We have reviewed the accompanying condensed consolidated balance sheet of Northeast Utilities and subsidiaries (the “Company”) as of June 30, 2011 and the related condensed consolidated statements of income for the three-month and six-month periods ended June 30, 2011 and 2010 and of cash flows for the six-month periods ended June 30, 2011 and 2010.  These interim financial statements are the responsibility of the Company’s management.


We conducted our reviews in accordance with the standards of the Public Company Accounting Oversight Board (United States).  A review of interim financial information consists principally of applying analytical procedures and making inquiries of persons responsible for financial and accounting matters.  It is substantially less in scope than an audit conducted in accordance with the standards of the Public Company Accounting Oversight Board (United States), the objective of which is the expression of an opinion regarding the financial statements taken as a whole.  Accordingly, we do not express such an opinion.


Based on our reviews, we are not aware of any material modifications that should be made to such condensed consolidated interim financial statements for them to be in conformity with accounting principles generally accepted in the United States of America.
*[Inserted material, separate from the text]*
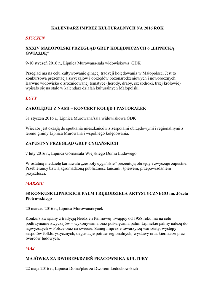 KALENDARZ IMPREZ KULTURALNYCH NA 2016 ROK STYCZEŃ XXXIV MAŁOPOLSKI PRZEGLĄD GRUP KOLĘDNICZYCH o „LIPNICKĄ GWIAZDĘ” 9-10 styczeń 2016 r., Lipnica Murowana/sala widowiskowa GDK Przegląd ma na celu kultywowanie ginącej tradycji kolędowania w Małopolsce. Jest to konkursowa prezentacja zwyczajów i obrzędów bożonarodzeniowych i noworocznych. Barwne widowisko o zróżnicowanej tematyce (herody, draby, szczodroki, trzej królowie) wpisało się na stałe w kalendarz działań kulturalnych Małopolski. LUTY ZAKOLĘDUJ Z NAMI – KONCERT KOLĘD I PASTORAŁEK 31 styczeń 2016 r., Lipnica Murowana/sala widowiskowa GDK Wieczór jest okazją do spotkania mieszkańców z zespołami obrzędowymi i regionalnymi z terenu gminy Lipnica Murowana i wspólnego kolędowania. ZAPUSTNY PRZEGLĄD GRUP CYGAŃSKICH 7 luty 2016 r., Lipnica Górna/sala Wiejskiego Domu Ludowego W ostatnią niedzielę karnawału „zespoły cygańskie” prezentują obrzędy i zwyczaje zapustne. Przebierańcy bawią zgromadzoną publiczność tańcami, śpiewem, przepowiadaniem przyszłości. MARZEC 58 KONKUSR LIPNICKICH PALM I RĘKODZIEŁA ARTYSTYCZNEGO im. Józefa Piotrowskiego 20 marzec 2016 r., Lipnica Murowana/rynek Konkurs związany z tradycją Niedzieli Palmowej trwający od 1958 roku ma na celu podtrzymanie zwyczajów – wykonywania oraz poświęcania palm. Lipnickie palmy należą do najwyższych w Polsce oraz na świecie. Samej imprezie towarzyszą warsztaty, występy zespołów folklorystycznych, degustacje potraw regionalnych, wystawy oraz kiermasze prac twórców ludowych. MAJ MAJÓWKA ZA DWOREM/DZIEŃ PRACOWNIKA KULTURY 22 maja 2016 r., Lipnica Dolna/plac za Dworem Ledóchowskich Pracownicy jednostek, które na co dzień zajmują się animacją kultury w naszej gminie spotykają się na majówce za Dworem Ledóchowskich połączonej z ogniskiem. CZERWIEC ŚWIĘTO TRUSKAWKI 12 czerwiec 2016 r., Rajbrot/plac obok Wiejskiego Domu Ludowego Przedsięwzięcie plenerowe z mnóstwem atrakcji – degustacja truskawkowych smakołyków, konkursy i zabawy z nagrodami, liczne występy orkiestr oraz zespołów. Zakończenie imprezy stanowi trwający do samej północy festyn pod gwiazdami. LIPIEC XXVII PRZEGLĄD PIOSENKI RELIGIJNEJ o „Statuetkę św. Szymona” 24 lipiec 2016 r., Lipnica Murowana/dziedziniec kościoła parafialnego pw. św. Andrzeja Ap. Przegląd jest uwieńczeniem tygodniowego odpustu ku czci św. Szymona z Lipnicy. To okazja do zaprezentowania na scenie lub posłuchania piosenek o tematyce religijnej, w tym także tych związanych ze św. Szymonem. SIERPIEŃ ŚWIĘTO GMINY LIPNICA MUROWANA 14 sierpień 2016 r., Lipnica Dolna/stadion sportowy LZS Macierz To impreza plenerowa prezentująca osiągnięcia kulturalne gminy oraz gwarantująca niezapomnianą zabawę przy muzyce zaproszonych gwiazd. Co roku licznie przybywający widzowie mają również szansę uczestniczenia w konkursach, zabawach oraz niespodziankach przygotowanych specjalnie na tą okazję. DOŻYNKI GMINNE 15 sierpień 2016 r., Lipnica Dolna/stadion sportowy LZS Macierz W tym dniu odbywa się konkurs wieńca dożynkowego poprzedzony Mszą św. dziękczynną za zebrane plony. Imprezę uświetniają występy zespołów, orkiestry oraz zabawa pod gwiazdami dla wszystkich przybyłych. WRZESIEŃ JESIEŃ W BORZE 4 wrzesień 2016 r., Borówna/plac obok Ośrodka Edukacji W trakcie tej plenerowej imprezy każdy znajdzie coś dla siebie. Na najmłodszych czekają liczne konkursy, gry i zabawy. Na scenie nie może zabraknąć artystów wraz z którymi wszyscy przybyli mają okazję pośpiewać i pobiesiadować. PAŹDZIERNIK IV GMINNY KONKURS RECYTATORSKI „SŁOWEM MALOWANE” im. Kazimierza Brodzińskiego pod honorowym patronatem Wójta Gminy Lipnica Murowana 11 październik 2016 r., Lipnica Murowana/sala widowiskowa GDK Konkurs przeznaczony jest dla dzieci i młodzieży z terenu gminy Lipnica Murowana. Celem konkursu jest zainteresowanie dzieci i młodzieży sztuką recytacji i kultury słowa a także motywowanie uczniów do poszerzania znajomości literatury i poezji polskiej. WIECZÓR POETYCKI 30 październik 2016 r., Lipnica Murowana/sala widowiskowa GDK Wieczór jest wynikiem przeprowadzonego wcześniej Konkursu Recytatorskiego „Słowem malowane” im. Kazimierza Brodzińskiego. Laureaci prezentują się w obecności zaproszonych gości i rodziców. LISTOPAD PODSUMOWANIE ROKU KULTURALNEGO 19 listopad 2016 r., Lipnica Górna/sala Wiejskiego Domu Ludowego GRUDZIEŃ MIKOŁAJKOWE SPOTKANIE Z BAJKĄ 4 grudzień 2016 r., Lipnica Murowana/sala widowiskowa GDK Impreza ta przygotowana jest przez dzieci uczęszczające na zajęcia w świetlicach. To widowisko sceniczne, które podziwiać mogą wszyscy mieszkańcy naszej gminy. Jednym z najbardziej oczekiwanych momentów tego popołudnia jest przybycie samego św. Mikołaja.

We have previously audited, in accordance with the standards of the Public Company Accounting Oversight Board (United States), the consolidated balance sheet and consolidated statement of capitalization of the Company as of December 31, 2010, and the related consolidated statements of income, comprehensive income, common shareholders’ equity, and cash flows for the year ended (not present herein); and in our report dated February 25, 2011, we expressed an unqualified opinion on those consolidated financial statements.  In our opinion, the information set forth in the accompanying condensed consolidated balance sheet as of December 31, 2010 is fairly stated, in all material respects, in relation to the consolidated balance sheet from which it has been derived.



/s/

Deloitte & Touche LLP

 

Deloitte & Touche LLP



Hartford, Connecticut

August 5, 2011



40


NORTHEAST UTILITIES AND SUBSIDIARIES


Management's Discussion and Analysis of
Financial Condition and Results of Operations



The following discussion and analysis should be read in conjunction with our unaudited condensed consolidated financial statements and related combined notes included in this Quarterly Report on Form 10-Q, the First Quarter 2011 Form 10-Q, and the 2010 Form 10-K.  References in this Form 10-Q to "NU," the "Company," "we," "us" and "our" refer to Northeast Utilities and its consolidated subsidiaries.  All per share amounts are reported on a diluted basis.


Refer to the Glossary of Terms included in this combined Quarterly Report on Form 10-Q for abbreviations and acronyms used throughout this Management's Discussion and Analysis of Financial Condition and Results of Operations.


The only common equity securities that are publicly traded are common shares of NU.  The earnings and EPS of each business discussed below do not represent a direct legal interest in the assets and liabilities allocated to such business but rather represent a direct interest in our assets and liabilities as a whole.  EPS by business is a financial measure not recognized under GAAP that is calculated by dividing the Net Income Attributable to Controlling Interests of each business by the weighted average diluted NU common shares outstanding for the period.  We use this non-GAAP financial measure to evaluate earnings results and to provide details of earnings results and guidance by business.  We believe that this measurement is useful to investors to evaluate the actual and projected financial performance and contribution of our businesses.  This non-GAAP financial measure should not be considered as an alternative to our consolidated diluted EPS determined in accordance with GAAP as an indicator of operating performance.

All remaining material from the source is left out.